Ok, first of all, you as a developer need to know that there is a service which can take your data and keep it secure and allow you to get it back, just like a file system, only you don't need any hardware. A bit like flickr can take your holiday snapshots and keep them for you. A bit like blogger keeps your blog posts around. Amazon S3 keeps stuff around for you too, except that Amazon S3 is designed for software developers, and not your aunt.
And it's cheap. Since Amazon is so big and they have all of this data already (think about how many books they have scanned, and how many mp3s can be downloaded) they have a lot of know-how in managing large (what an understatement) sets of data. So the incremental cost of a gigabyte is pretty low. They've priced it at ten cents. Oh, that's per month, so a full buck for a whole year. It's just silly.
Your data is secure and available 24/7/365. You don't need to buy a new disk, or a RAID controller, or a NAS, or a SAN, or book redundant locations in case of fire. Just send it over the wire to a bit bucket hosted by Amazon...
Oh, I forget, this story was more about discovering Amazon's web service and my epiphany. RIght.
Well you can imagine when you go to Amazon's web service portal and see their plethora of acronyms staring you in the face; they're not very intuituve. S3 is for storage. Check. The rest are as follows:
EC3, Elastic Compute Cloud: Need a Linux box to host your application? Upload it to EC3 and they will actually run it for you on some really big boxes. You pay for uptime.
FPS, Flexible Payment Service: Need to transfer money? Allow Amazon to handle the transaction.
Mechanical Turk: Do you need an army of human workers to do some work on your data? Amazon has an army of human workers, and they will work on your data.
SQS, Simple Queue Service: Do you need to be able to queue up work or data and retrieve it FIFO from another location or application? Amazon has a queue for you.
I clicked my way through the descriptions of these web services and I thought: "Wow. it really takes the pain away from scaling an application!" Most of the services are close to free: If you have an application and make use of all of the services, the costs may rise to a dollar a month if you're lucky to see that amount of traffic. And if your application really takes off and you're thinking "I hope my servers can handle the load" then your monthly bill will probably be higher, but hopefully you'll be making a few bucks off the traffic too.

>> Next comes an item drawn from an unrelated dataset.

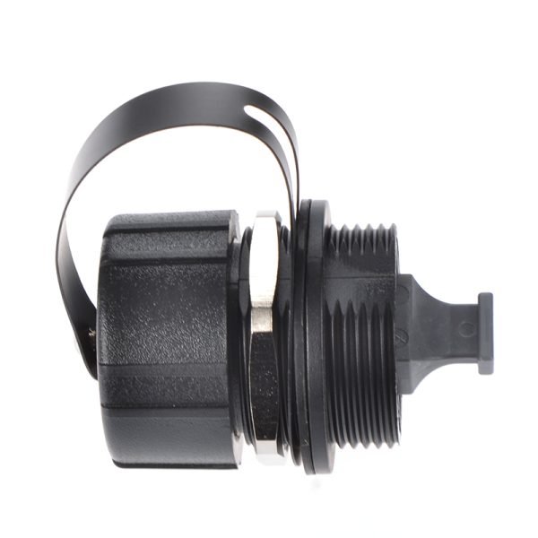 It uses dual-layer rubber gaskets and threaded coupling for a watertight seal.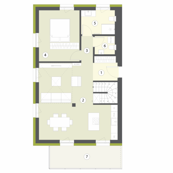 – Talno gretje, lokalna rekuperacija, avtomatske žaluzije in videodomofon

You can host your application in a virtual machine running on Amazon's hardware. That's neat. You write code. You upload it. You pay for CPU cycles. Your app can store its data in Amazon's storage solution. You can queue things between different applications, and bill your customers, all using web services. Your application would be scalable and reliable should the need arise, in which case the application would also probably be profitable.
After signing up I needed to test S3 out of course. I've been looking for a place to store all my digital photos, genealogy data and other " important" stuff. And I would like to pay for such a service. So S3 seemed like the obvious choice. I googled around and found s3sync.rb to upload lots of data. Through the night it toiled away and after a day I had around 6Gb backed up, and a bill of around 72 cents. Sweet.
As I was signing up I noticed that there was another service called " SimpleDB", and although I swore I had gone through the entire list of services I thought "Was this just released, or what?" It didnt say so, just that it was in limited beta. It's service which allows you to post map structures (key value maps) and query them later. A lot like a database, except that you don't have to tell the server what keys there are. It just discovers them as you post them, and allows you to extract them using an SQL like declarative language. Like most other amazon services, it offers SOAP and plain HTTP based interaction.
I googled it and found blog postings about it from nine months back, so I deduced that it wasn't new. (Not that new anyway.) To my surprise, I was reading blog postings on SimpleDB the day after, about how cool it was that it was finally out!
Damn! The one time I know I was at the right place at the right time and I didn't recognise it! :-D Double damn!
Ach so! Today I thought I'd check out a linux box offered by the Compute Cloud...